On Mon, Mar 05, 2012 at 04:46:28PM -0500, Ted Ts'o wrote:
> I've added ecryptfs to the list since this looks like it's caused by
> ecryptfs (i.e., it won't happen without ecryptfs).
>
> This seems to be caused by an munmap of an ecryptfs file, which has
> dirty pages; ecryptfs is then calling into ext4 while the mmap is
> still holding the mmap_sem, and then when ext4 calls the generic
> function generic_file_aio_write(), it tries to grab the inode's
> i_mutex, and that's what's causing the possible circular locking
> dependency.
>
> The other locking order is caused by vfs_readdir() grabbing i_mutex,
> and then filldir() calling writing to user memory, which means it
> calls might_fault(), and might_fault() calls
> might_lock_read(&current->mm->mmap_sem) since if the page needs to be
> faulted in, *that* will require taking a read lock of mmap_sem.
>
> In any case, all of the locks in question are being taken by generic
> code, and it's the fact that ecryptfs needs to try to initiate page
> writeout at munmap() time, which holds mmap_sem, which is causing the
> circular dependency.
>
> i.e., this particular problem can and will happen with any file system
> (which uses generic filemap infrastructure); ext4 just happens to
> appear in the stack trace because that's the underlying file system
> used by ecryptfs.
>
> Regards,
>
> - Ted
>
> On Mon, Mar 05, 2012 at 04:08:55PM -0500, Miles Lane wrote:
> > [ 107.839605] [ INFO: possible circular locking dependency detected ]

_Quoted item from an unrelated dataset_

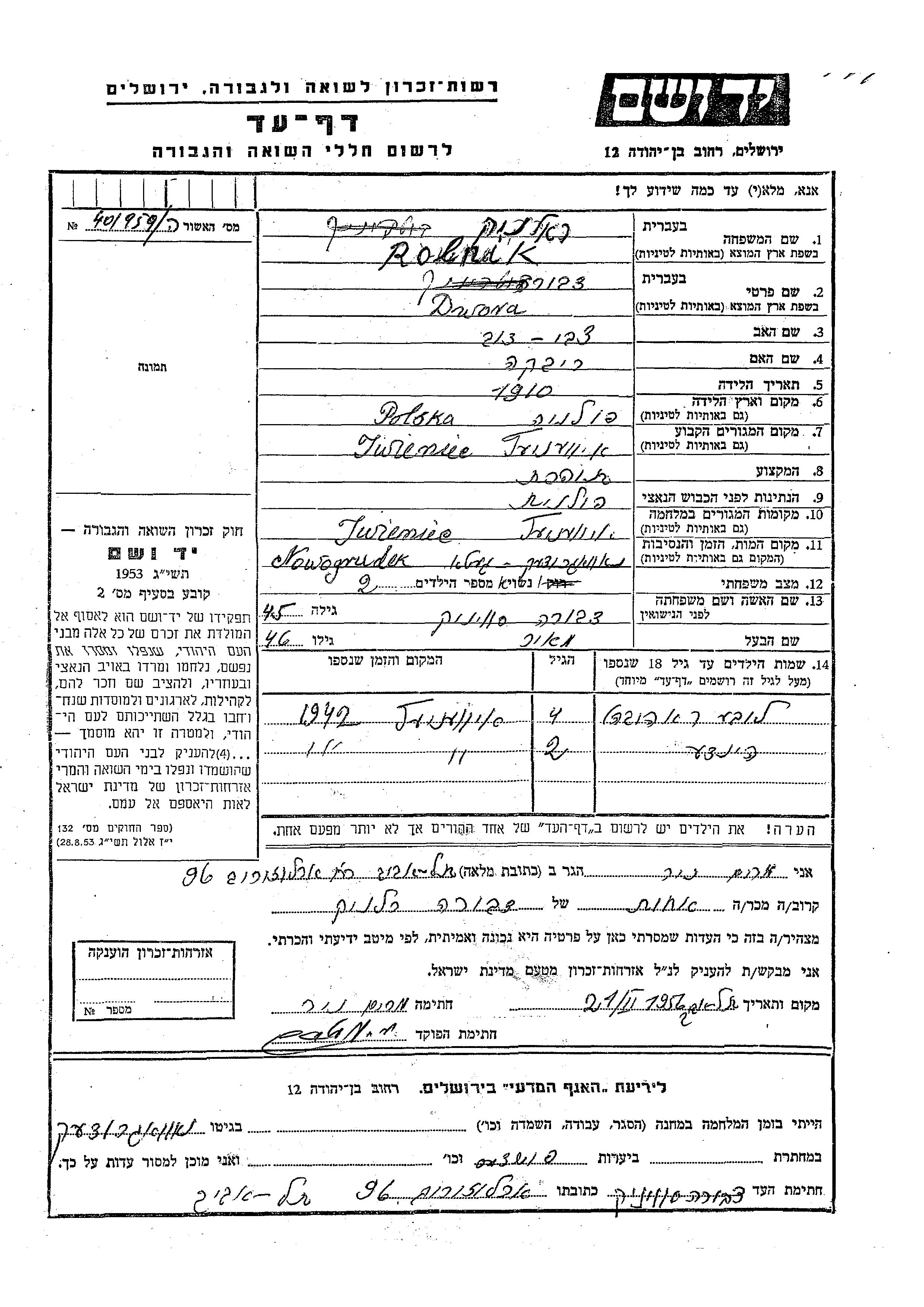 Lube Ahuva Rolnik wurde Sie war die Tochter von Meir und Dwora, geb. Svinik. Sie war Kind. Vor dem Zweiten Weltkrieg lebte sie in Iwanicze, Polen. Während des Krieges war sie in Iwanicze, Polen.

> > [ 107.839608] 3.3.0-rc6+ #14 Not tainted
> > [ 107.839609] -------------------------------------------------------
> > [ 107.839611] gvfsd-metadata/2314 is trying to acquire lock:
> > [ 107.839612] (&sb->s_type->i_mutex_key#13){+.+.+.}, at:
> > [<ffffffff810ae65a>] generic_file_aio_write+0x45/0xbc
> > [ 107.839622]
> > [ 107.839623] but task is already holding lock:
> > [ 107.839624] (&mm->mmap_sem){++++++}, at: [<ffffffff810ca534>]
> > sys_munmap+0x36/0x5b
> > [ 107.839630]
> > [ 107.839630] which lock already depends on the new lock.
> > [ 107.839631]
> > [ 107.839632]
> > [ 107.839632] the existing dependency chain (in reverse order) is:
> > [ 107.839634]
> > [ 107.839634] -> #1 (&mm->mmap_sem){++++++}:
> > [ 107.839638] [<ffffffff8107402d>] lock_acquire+0x8a/0xa7
> > [ 107.839642] [<ffffffff810c3363>] might_fault+0x7b/0x9e
> > [ 107.839646] [<ffffffff810f5246>] filldir+0x6a/0xc2
> > [ 107.839649] [<ffffffff81143b91>] call_filldir+0x91/0xb8
> > [ 107.839653] [<ffffffff81143eb2>] ext4_readdir+0x1b2/0x519
> > [ 107.839656] [<ffffffff810f548c>] vfs_readdir+0x76/0xac
> > [ 107.839658] [<ffffffff810f559e>] sys_getdents+0x79/0xc9
> > [ 107.839661] [<ffffffff813a1fb9>] system_call_fastpath+0x16/0x1b
> > [ 107.839665]
> > [ 107.839665] -> #0 (&sb->s_type->i_mutex_key#13){+.+.+.}:
> > [ 107.839669] [<ffffffff81073918>] __lock_acquire+0xa81/0xd75
> > [ 107.839672] [<ffffffff8107402d>] lock_acquire+0x8a/0xa7
> > [ 107.839675] [<ffffffff8139acfe>] __mutex_lock_common+0x61/0x456
> > [ 107.839679] [<ffffffff8139b1da>] mutex_lock_nested+0x36/0x3b
> > [ 107.839681] [<ffffffff810ae65a>] generic_file_aio_write+0x45/0xbc
> > [ 107.839684] [<ffffffff8114478e>] ext4_file_write+0x1e2/0x23a
> > [ 107.839687] [<ffffffff810e5bb5>] do_sync_write+0xbd/0xfd
> > [ 107.839691] [<ffffffff810e6333>] vfs_write+0xa7/0xee
> > [ 107.839694] [<ffffffffa037f266>]
> > ecryptfs_write_lower+0x4e/0x73 [ecryptfs]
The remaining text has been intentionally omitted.